[Extracted records]
◆ ◆ ◆ ◆ ◆ ◆ ◆

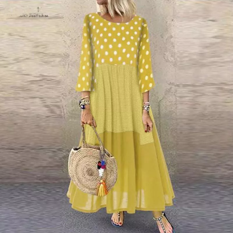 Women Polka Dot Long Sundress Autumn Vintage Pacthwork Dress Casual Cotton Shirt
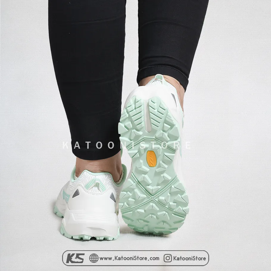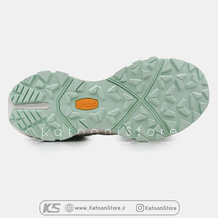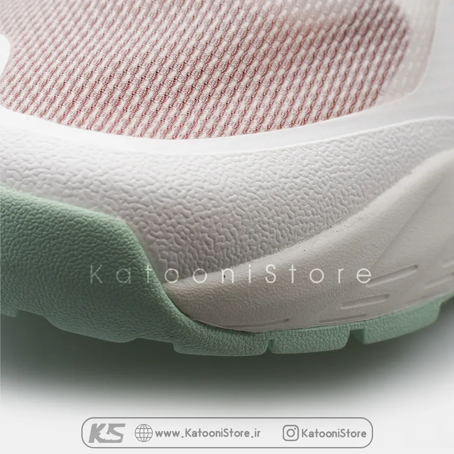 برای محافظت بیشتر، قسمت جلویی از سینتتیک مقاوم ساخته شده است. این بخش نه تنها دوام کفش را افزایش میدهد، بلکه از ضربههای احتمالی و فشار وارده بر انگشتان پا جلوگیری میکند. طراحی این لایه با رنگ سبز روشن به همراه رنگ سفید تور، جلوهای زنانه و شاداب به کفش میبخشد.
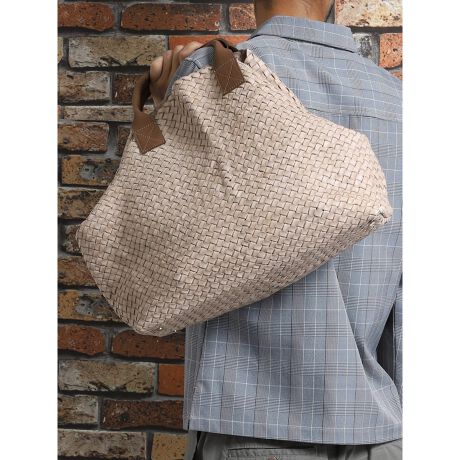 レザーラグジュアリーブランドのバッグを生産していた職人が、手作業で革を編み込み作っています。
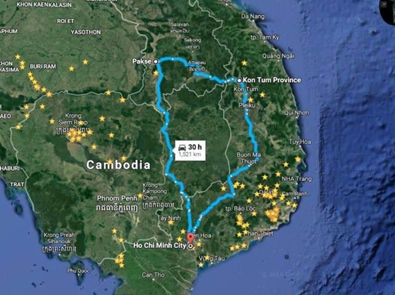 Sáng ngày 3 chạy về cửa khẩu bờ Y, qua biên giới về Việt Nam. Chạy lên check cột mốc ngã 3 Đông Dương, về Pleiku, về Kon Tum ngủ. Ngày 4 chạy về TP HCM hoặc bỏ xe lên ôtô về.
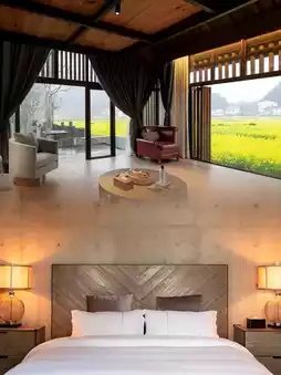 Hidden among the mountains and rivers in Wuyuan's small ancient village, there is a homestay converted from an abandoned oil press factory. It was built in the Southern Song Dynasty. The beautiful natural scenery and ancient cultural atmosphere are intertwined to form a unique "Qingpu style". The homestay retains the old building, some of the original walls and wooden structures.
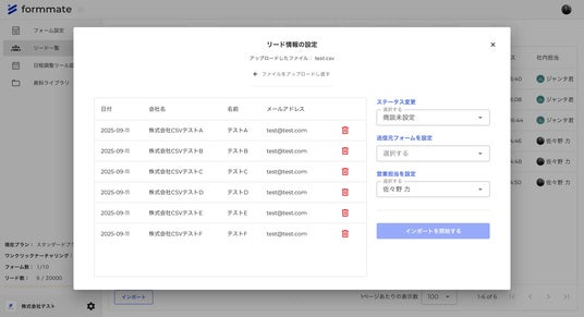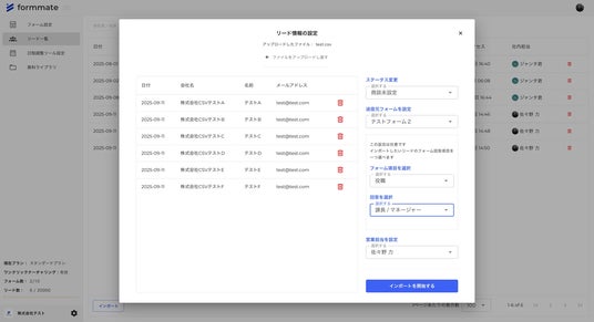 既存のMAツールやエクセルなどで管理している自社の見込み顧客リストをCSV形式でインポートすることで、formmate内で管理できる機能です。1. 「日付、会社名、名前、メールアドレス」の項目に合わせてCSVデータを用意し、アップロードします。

◆ ◆ ◆ ◆ ◆ ◆ ◆

There should be an exact restatement of the lines from the line with "برای محافظت بیشتر،" through the last line of the entries above, and no pictures in it.

 برای محافظت بیشتر، قسمت جلویی از سینتتیک مقاوم ساخته شده است. این بخش نه تنها دوام کفش را افزایش میدهد، بلکه از ضربههای احتمالی و فشار وارده بر انگشتان پا جلوگیری میکند. طراحی این لایه با رنگ سبز روشن به همراه رنگ سفید تور، جلوهای زنانه و شاداب به کفش میبخشد.
 レザーラグジュアリーブランドのバッグを生産していた職人が、手作業で革を編み込み作っています。
 Sáng ngày 3 chạy về cửa khẩu bờ Y, qua biên giới về Việt Nam. Chạy lên check cột mốc ngã 3 Đông Dương, về Pleiku, về Kon Tum ngủ. Ngày 4 chạy về TP HCM hoặc bỏ xe lên ôtô về.
 Hidden among the mountains and rivers in Wuyuan's small ancient village, there is a homestay converted from an abandoned oil press factory. It was built in the Southern Song Dynasty. The beautiful natural scenery and ancient cultural atmosphere are intertwined to form a unique "Qingpu style". The homestay retains the old building, some of the original walls and wooden structures.
 既存のMAツールやエクセルなどで管理している自社の見込み顧客リストをCSV形式でインポートすることで、formmate内で管理できる機能です。1. 「日付、会社名、名前、メールアドレス」の項目に合わせてCSVデータを用意し、アップロードします。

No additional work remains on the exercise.